Thoughts on Sukkot

Etrog, silver etrog box and lulav, used on the Jewish holiday of Sukkot (Photo: Gilabrand/Wikimedia Commons)

Last year, Rabbi Joshua, of Ahavat Zion Synagogue in California, wrote on his blog,

By dwelling in sukkot every year, we are faced with the reality of our human frailty and immortality. Just like the sukkah, our earthly bodies are but temporary dwelling places. When forced to dwell in a sukkah during the festival days, we find ourselves exposed to the elements, eating our meals without certain familiar comforts, and spending time in a shelter that at any moment could be brought down by weather.

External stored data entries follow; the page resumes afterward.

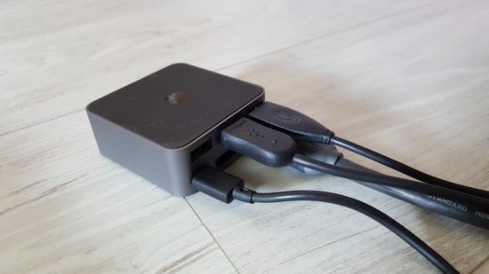 Comme indiqué au-dessus, le Display Dock est un boitier compact de forme carré avec angles arrondis mais finalement assez lourd par rapport à ses dimensions (230g). Le premier contact est plutôt bon : le design est sobre mais efficace et le châssis en aluminium procure une impression de qualité.
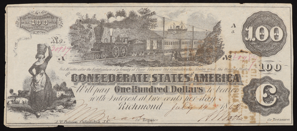 1862 Confederate States of America $100 Banknote
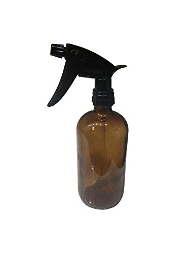 16oz Glass Bottle w/ Trigger Sprayer - Stream Spray or up to Wide Range Misting, 16oz Refillable Glass Bottle - Lotion Sprays, Cleaning Products, Essential Oils, or Aromatherapy (Amber / Black)
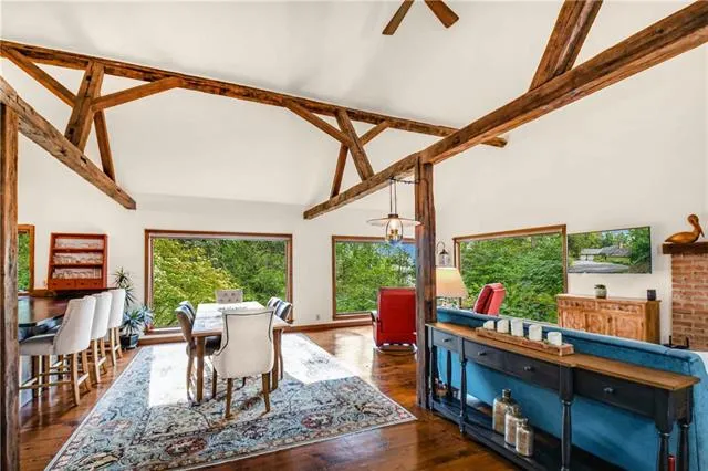 sold before processed ...This 4-bedroom, 2.5-bath retreat is a sanctuary for those who crave both comfort & a deep connection w/the great outdoors. Breathtaking views, every corner of this home is carefully thought out. The heart of HILL HOUSE is its Great Room, anchored by a wood-burning fireplace. Step onto the real hardwood floors & gaze up at the open wood-beamed ceiling. The kitchen boasts durable soapstone countertops complemented by a custom tile backsplash. The kitchen seamlessly flows into the open floor plan, making it the perfect hub for gatherings. Equipped with high-quality appliances, including a Bosch dishwasher, Broan range hood, Dacor microwave, & a new Sharp stove/oven, this kitchen combines form & function effortlessly. Main floor Owners' suite has been designed w/ comfort and privacy in mind. Custom-designed bathroom features a designer walk-in shower & a custom vanit...
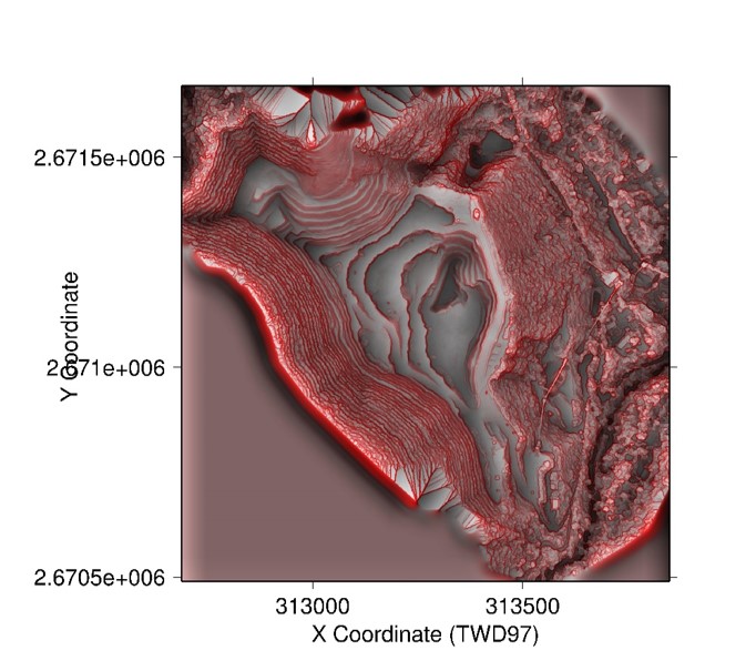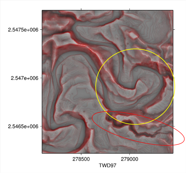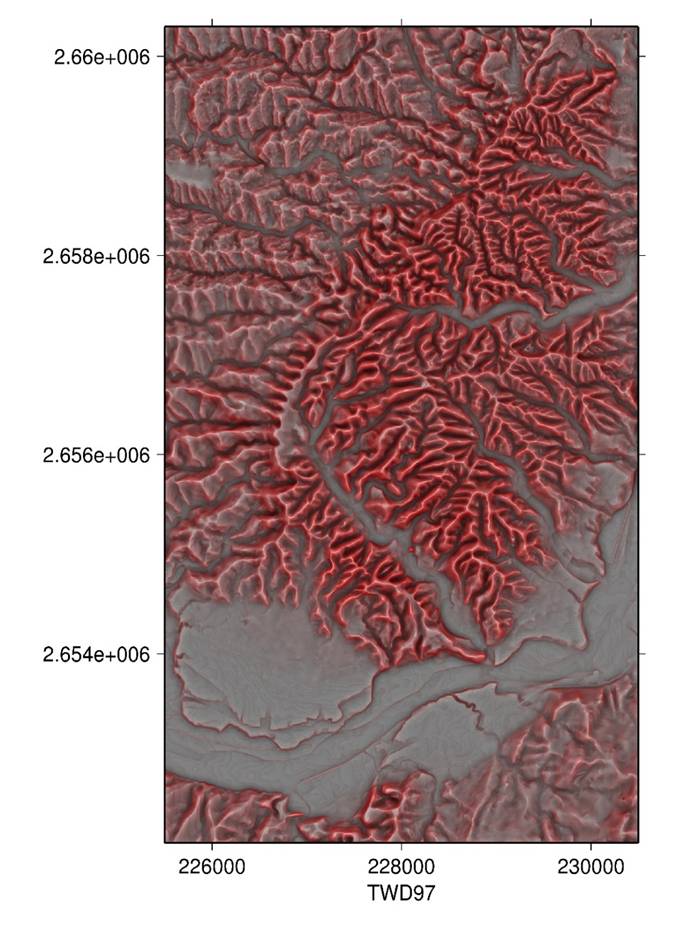 火炎山為惡地地形,其沖蝕溝非常明顯但因受光照陰影影響,所以光學影像較易誤判地形。 經由H.O.S.T.可輕易判別沖蝕溝、山脊線和山谷線。 圖片範例也顯示 H.O.S.T.可依需求有其他顏色展示或3D模式。 Haoyuan mountain is badland, the erosion ditch is very obvious, but due to the influence of light shadows, so the photo image is more likely to misjudge the terrain. Use of H.O.S.T. eroded ditch, mountain ridges and valleys can easily be identified. Example also shows that H.O.S.T. comes with various color displays or 3D modes on demand.

This fragile reality was brought home last year as our sukkah fell to strong winds about an hour after I finished building it. A Google search later that evening showed that due to weather conditions around the world, numerous communities suffered wind and rain damage during Sukkot. This year, so far, the weather has been cooperating but the fragility of life is still ever before us. Sunday evening over fifty people were killed and more than five hundred wounded at an open air, country music concert in Las Vegas in a shooting attack. Earlier on Sunday, two women were brutally stabbed to death in a train station in Marseille. Last week, three young men, a border policeman and two civilian security guards were gunned down while foiling terrorist attack outside the community of Har Adar, in the Jerusalem hills. The reality is that we have no assurance of life, limb, or property in this life. While we can do our best to protect and care for ourselves, ultimately, we, like Israel in the wilderness, are totally dependent upon Hashem for everything. The psalmist writes, “what is man that you are mindful of him, and the son of man that you care for him?” (Psalm 8.4) To balance that question, we have read Psalms 27 daily since the beginning of Elul and will continue until Simchat Torah. While the entire Psalm is phenomenal, the beginning and ending verses carry particular importance

The LORD is my light and my salvation; whom shall I fear? The LORD is the stronghold of my life; of whom shall I be afraid? … I believe that I shall look upon the goodness of the LORD in the land of the living! Wait for the LORD; be strong, and let your heart take courage; wait for the LORD! (Psalm 27. 1 & 13-14)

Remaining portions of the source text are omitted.